Tired? It’s Probably Your Pet’s Fault, Study Shows

A new survey shows that Americans love their pets, but lost sleep and time spent worrying about them is a part of pet ownership.

In mining existing data concerning critters and their humans, Forbes reported 66 percent of American households, which comes to 86.9 million homes, have a pet.

Dogs are still king, being found in 65.1 million homes, while cats are in second place at 46.5 million households. Freshwater fish were third on the list at 11.1 million households.

As with anything worthwhile, there are worries.

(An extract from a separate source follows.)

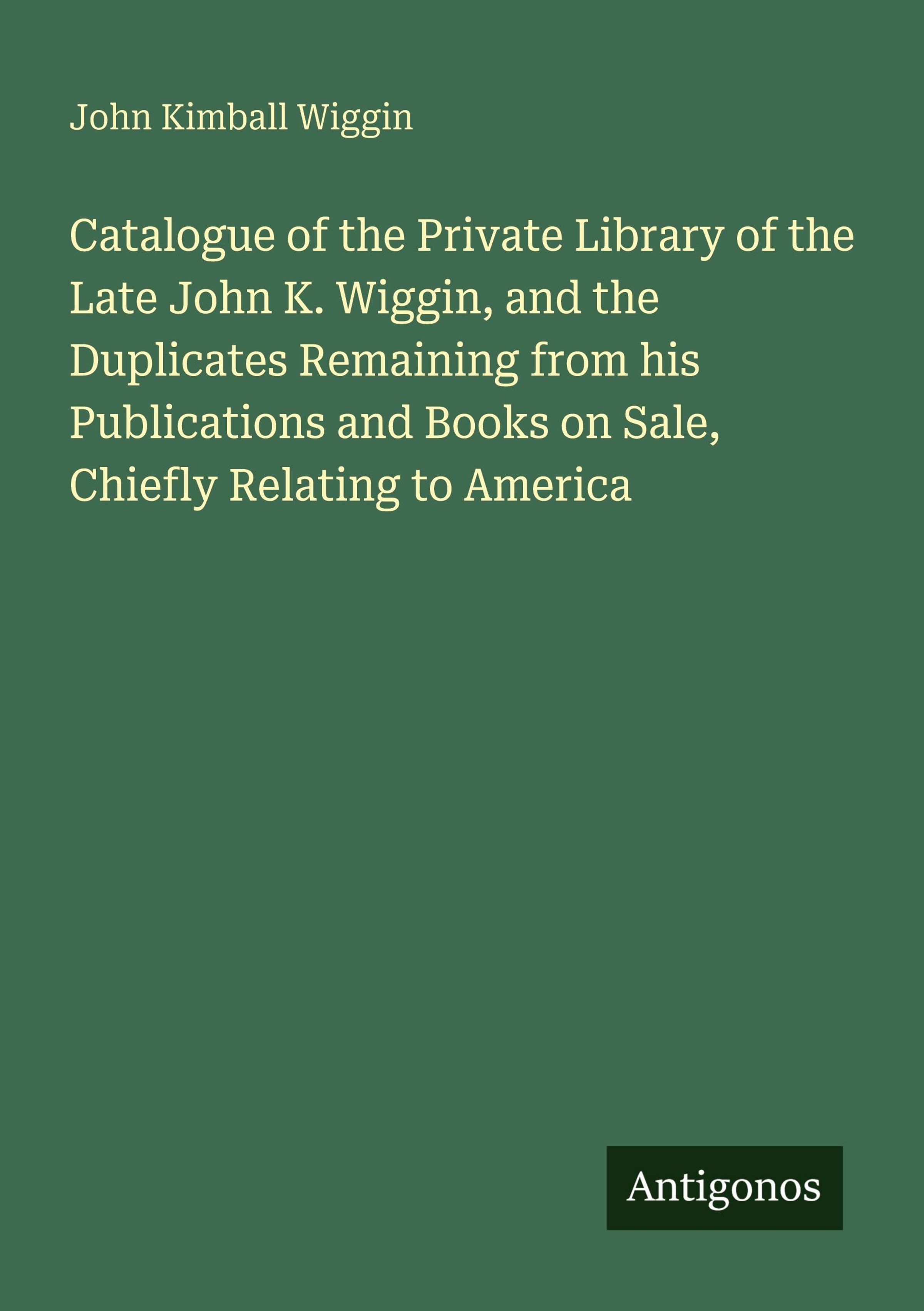 Catalogue of the Private Library of the Late John K. Wiggin, and the Duplicates Remaining from his Publications and Books on Sale, Chiefly Relating to America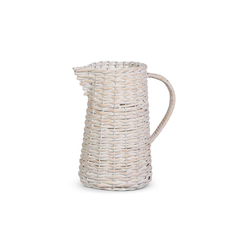 RAZ Imports Whitewash Woven Pitcher, 10-inch Height

A new study reports that 39 percent of people who participated in a recent survey said worry over pets costs them more than 11 hours of sleep per week, according to Study Finds, which noted the survey was conducted by OnePoll on behalf of Tractive.

The survey of 2,000 cat and dog owners, which was taken Nov. 8 and 9, found that on average pet owners have 72 pet panics per year.

The leading cause for panic was an unexpected bout of vomiting, cited by 52 percent of those surveyed, followed by a fall off a chair or couch, cited by 48 percent.

Other top concerns included getting off their leash, cited by 45 percent of respondents; not eating a meal, cited by 43 percent; not coming when called, 28 percent, and a lack of interest in their toys, mentioned by 18 percent of respondents.

During the hours per day respondents said they were parted from Fido or Fluffy, the top concern was that a pet is getting into something that has been forbidden, a worry shared by 68 percent of those responding.

Other concerns included whether a pet was sad its owner was gone, cited by 47 percent of respondents, or hungry, cited by 45 percent of respondents.

A 2022 survey of pet owners conducted by OnePoll on behalf of Serta Simmons Bedding reported that 36 percent of pet owners surveyed said pet noises wake them at least twice a week, according to Best Life.

The survey said 30 percent of those who took part said their pet takes too much space in the bed for their comfort.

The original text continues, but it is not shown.